Coming week is likely to remain eventful as important macroeconomic data like Service PMI is due in on Monday and we expect it to come on the higher side. Apart from that, most significant event i.e. RBI monetary policy is due on Wednesday where before announcement of Q4 GDP data, expectation of it to remain non-event was high. But after poor GDP number, it will be interesting to watch how RBI will take the call to revive the economy. Apart from the US non-farm payroll data, which is due today evening will also throw the US Fed move on the future rate hike. Auto companies have reported better monthly auto sales number. Apart from that, quarterly numbers have been better than expected. Hence, we believe market to remain volatile with positive biasness ahead of RBI monetary policy. We advise investors to make their position in Agricultural , fertilizers and rural focused stocks.
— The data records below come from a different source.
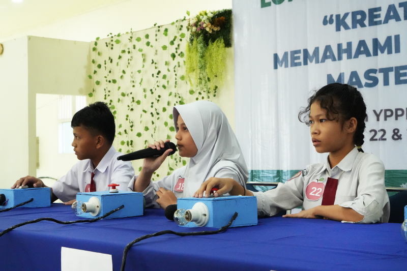 Seorang siswi tingkat SD sedang menjawab pertanyaan dalam kategori lomba cepat tepat yang diikuti siswa SD kelas 4-6 YPPI Perawang.
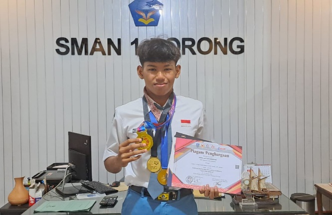 SIDOARJO (RadarJatim.id) — Mengaku senang mandi dan bermain di kali/sungai sebelah rumahnya sejak kecil. Dialah Denys Soetian Ramadhan siswa kelas X-5 SMA Negeri 1 Porong Sidoarjo berhasil meraih 16 penghargaan selama setahun di tahun 2024 dari Cabang Olahraga Renang, dari berbagai lomba dan kejuaraan.
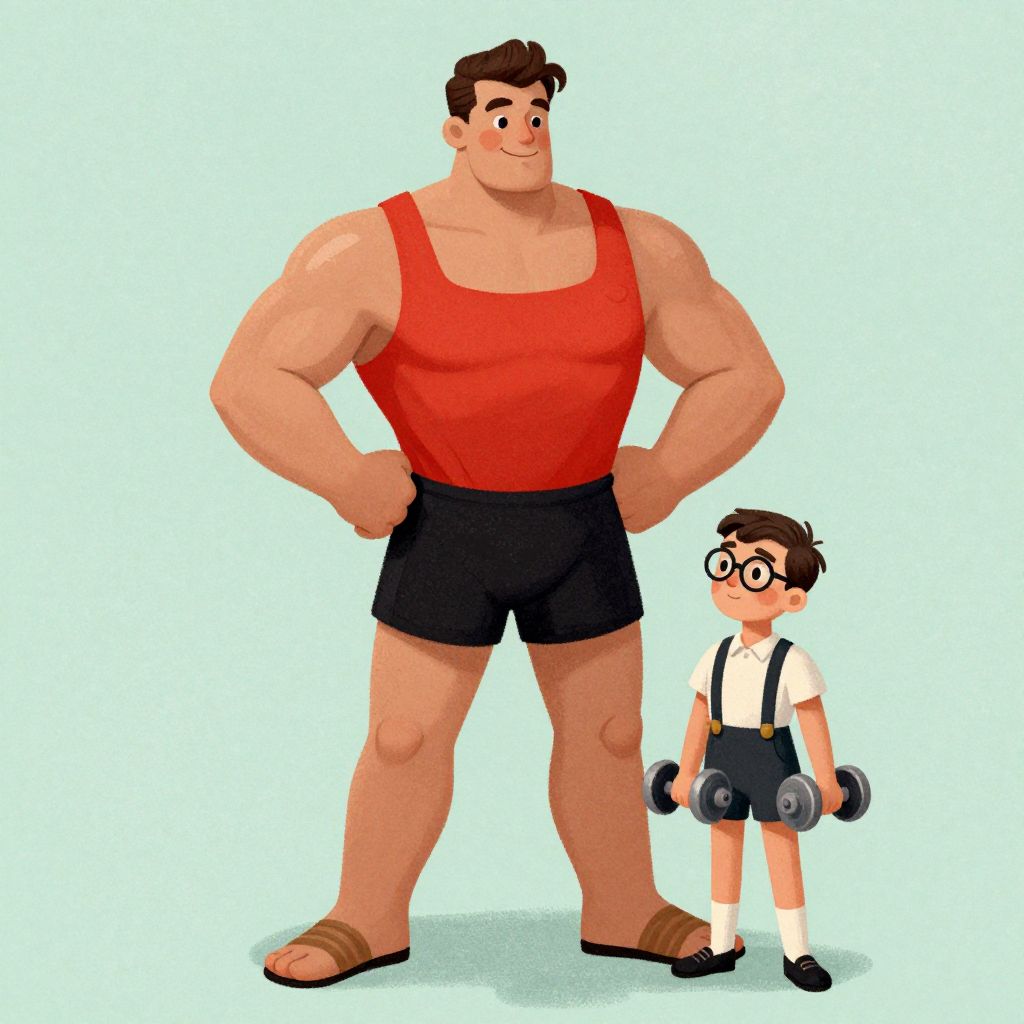 Digital illustration in a cartoon style. A large, muscular man with a black beard and long black hair, wearing a simple white tunic, stands confidently in front of a classical white marble temple with Corinthian columns. His tunic clings to his broad chest and large belly. A small, slim man with short brown hair, dressed in a white shirt, black tie, and black pants, walks past him from left to right. The background includes a bright blue sky and a clear, sunlit day. The temple's columns and the man's size create a striking contrast.
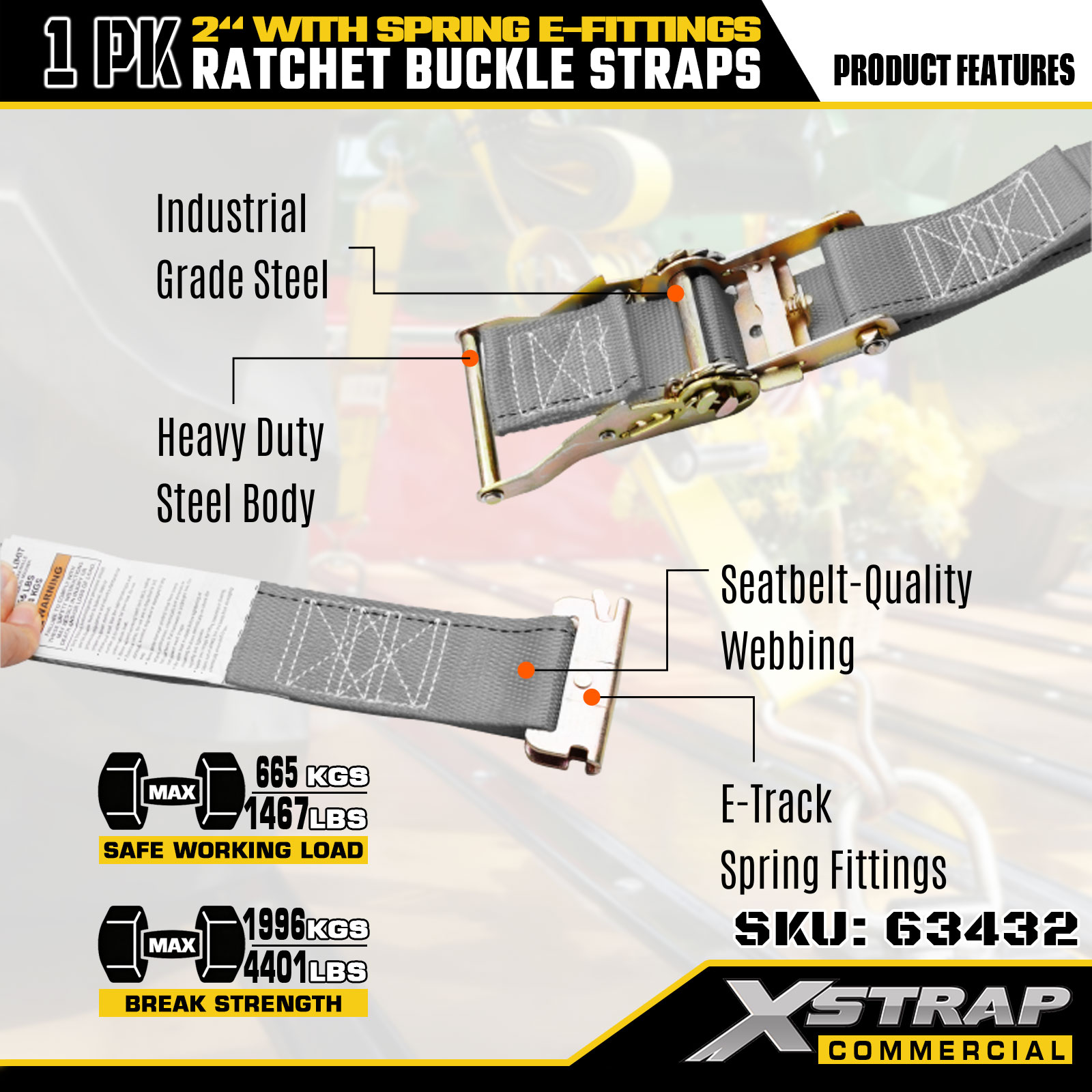Xstrap 1-Pack Ratchet Tie-Down Straps, 2" x 16' Polyester Cargo Securing Straps, 1467 lbs Safe Working Load & 4401 lbs Breaking Strength, with Spring E-Fittings for Truck, Mower, ATVs

It was the second consecutive week for the market to trade higher reaching yet another milestone as nifty spot touched another fresh all time high of 9673.50 and Sensex touched an all time high if 31319 last week. Market is moving gradually higher and entered into overbought zone recently which is a sign of caution in trading at the present levels. Although the GDP data was not in line with the market expectations but still the index have not reacted to the released numbers. For the next week a note of cautious should be there and traders should not take blind long positions. Charts have not shown any sign of reversal from here so one can expected near upper levels near 9700-9720 on the higher side and then traders can expect some downside due to profit taking which is highly likely at these higher levels.